Let $E$ and $F$ be normed vector spaces, over the real or complex numbers, and let $u\colon E\to F$ be a linear map. The continuity of $u$ is proved to be equivalent to the existence of a real number $c$ such that $\|u(x)\|\leq c \|x\|$ for every $x\in E$, and the least such real number is called the operator norm of $u$; we denote it by $\|u\|$. It defines a norm on the linear space $\mathscr L(E;F)$ of continuous linear maps from $E$ to $F$ and as such is quite important. When $E=F$, it is also related to the spectrum of $u$ and is implicitly at the heart of criteria for the Gershgorin criterion for localization of eigenvalues.

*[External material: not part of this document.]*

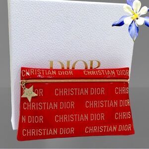 CHRISTIAN DIOR RED PATENT LEATHER CLUTCH WITH RHINESTONES SILVER STAR CHARM

$\gdef\R{\mathbf R}\gdef\norm#1{\lVert#1\rVert}\gdef\Abs#1{\left|#1\right|}\gdef\abs#1{\lvert#1\rvert}$However, even in the simplest cases of matrices, its explicit computation is not trivial at all, and as we'll see even less trivial than what is told in algebra classes, as I learned by browsing Wikipedia when I wanted to prepare a class on the topic.

Since I'm more a kind of abstract guy, I will use both languages, of normed spaces and matrices, for the first one allows to explain a few things at a more fundamental level. I'll make the translation, though. Also, to be specific, I'll work with real vector spaces.

So $E=\R^m$, $F=\R^n$, and linear maps in $\mathscr L(E;F)$ are represented by $n\times m$ matrices. There are plentiful interesting norms on $E$, but I will concentrate the discussion on the $\ell^p$-norm given by $\norm{(x_1,\dots,x_m)} = (|x_1|^p+\dots+|x_m|^p)^{1/p}$. Similarly, I will consider the $\ell^q$-norm on $F$ given by $\norm{(y_1,\dots,y_m)} = (|y_1|^q+\dots+|y_n|^q)^{1/q}$. Here, $p$ and $q$ are elements of $[1;+\infty\mathclose[$. It is also interesting to allow $p=\infty$ or $q=\infty$; in this case, the expression defining the norm is just replaced by $\sup(|x_1|,\dots,|x_m|)$ and $\sup(|y_1|,\dots,|y_n|)$ respectively.

### Duality

Whatever norm is given on $E$, the dual space $E^*=\mathscr L(E;\mathbf R)$ is endowed with the dual norm, which is just the operator norm of that space: for $\phi\in E^*$, $\norm\phi$ is the least real number such that $|\phi(x)|\leq \norm\phi \norm x$ for all $x\in E$. And similarly for $F$. To emphasize duality, we will write $\langle x,\phi\rangle$ instead of $\phi(x)$.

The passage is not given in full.